I know Rippetoe would be pissed if he read this thread, with these questions, but hopefully he won’t. I have “burnout” meaning I’m exhausted from lots of stress building on itself as well as unhealthy adderall use which has killed my hormones/cortisol: which I’m being treated for. Anyways, I have a bench, squat rack, and STANDARD barbell w/ 250 pounds of plates. For the time being I’m looking to just make linear progress, since rippetoe’s program is very intense and I don’t think the current conditions of my body would allow for it. So, can I get some feedback on this: basically starting strength, barbell rows replacing power cleans, and done on standard, not olympic barbell, 3x/week alternating workout A: Squats/Bench/Deadlift B: Squats, Bench, Barbell row and weight progression of 2.5lbs per exercise every time until I have to dial back by 5% or something like that. Basically, I want to lose weight and get my body used to exercise again after years of stress without exercise, and constant fatigue.
Look into greyskull LP, it’s more flexible, has a slower progression, and is based on linear progress. Essentially, you squat twice per week, deadlift once, and alternate bench press and overhead press. For upper pulling, you have the option of including curls, rows, and/or pull-ups.

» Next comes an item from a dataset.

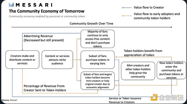 社区经济由加密网络和社交代币驱动,向早期经济参与者提供激励,让这些参与者利用自己的技能和资产来为社区或个人提供支持,这些技能和资产在之前并没有得到充分利用。
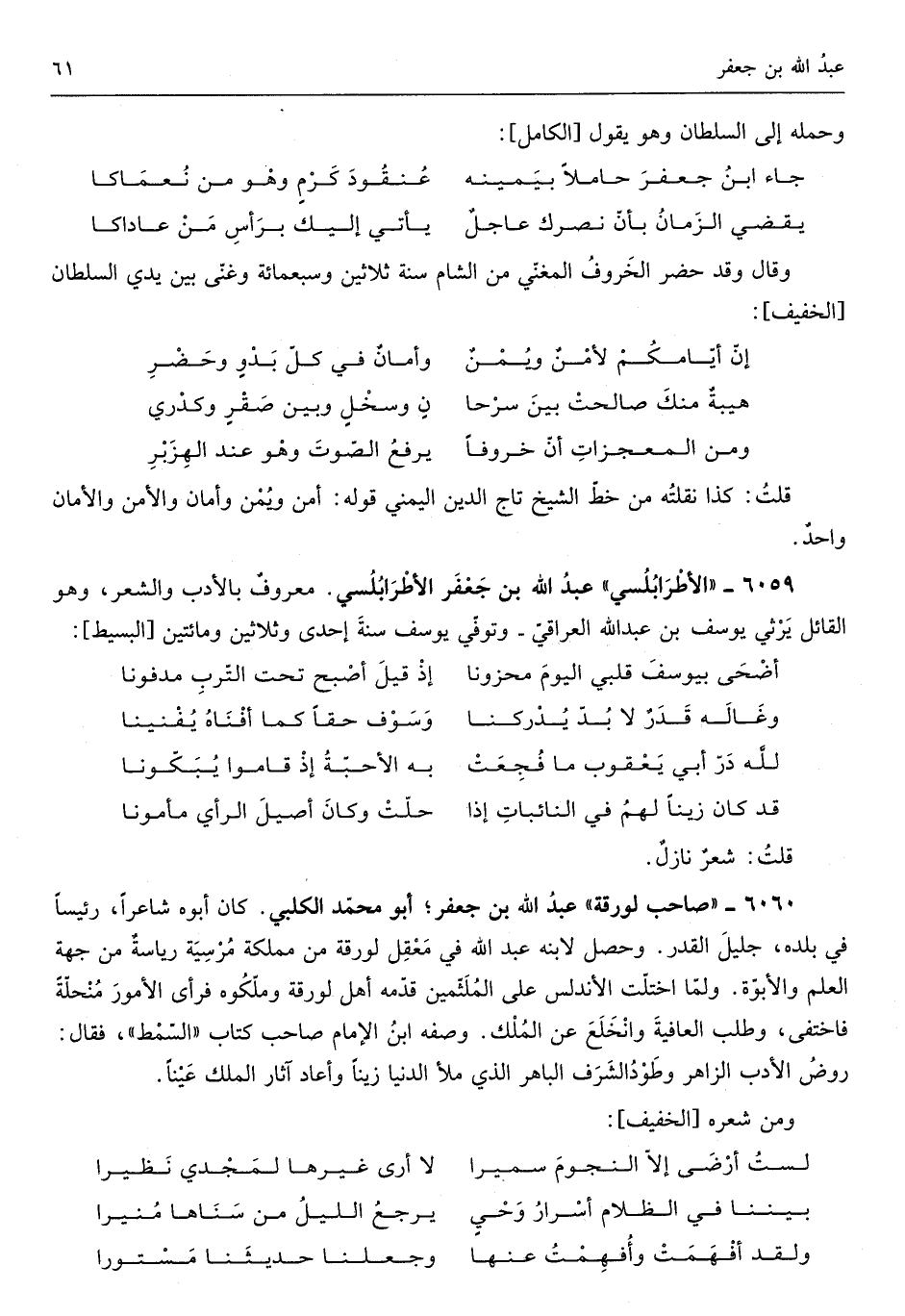 الأطرابلسي عبد الله بن جَعْفَر الأطرابلسي معروفٌ بالأدب وَالشعر وَهُوَ الْقَائِل يرثي يُوسُف بن عبد الله الْعِرَاقِيّ وَتُوفِّي يُوسُف سنة إِحْدَى وَثَلَاثِينَ وَمِائَتَيْنِ من الْبَسِيط

Get your health in check first. While you’re doing that, do a bunch of bodyweight work a few times a week: push-ups, fatman pull-ups, lunges, etc. Go for a walk daily or at least every second day.
Once you’ve got your health in a better place, pick a program and do it exactly as written. Don’t change programs because you think you can improve them. If you think you can improve a program, look for a different one that you don’t feel the need to tinker with and do that one.
Great rec. Thank you!!!
Try Bob Hoffmann’s old school York System. Basically, you pick 8 or 10 lifts, bench, squat, press, deadlift, sit ups, an so forth and work up to 10 reps, add weight when you get to 10 solid reps. You do one set of each exercise 3x a week for the first month. The second month do the same workout, but do two sets instead of one. At 3 months do 3 sets. After the end of 3 months you will feel and look better and be ready to tackle a more advance program, such a starting strength. This program should minimize injuries, promote healthy habits, and build the foundation.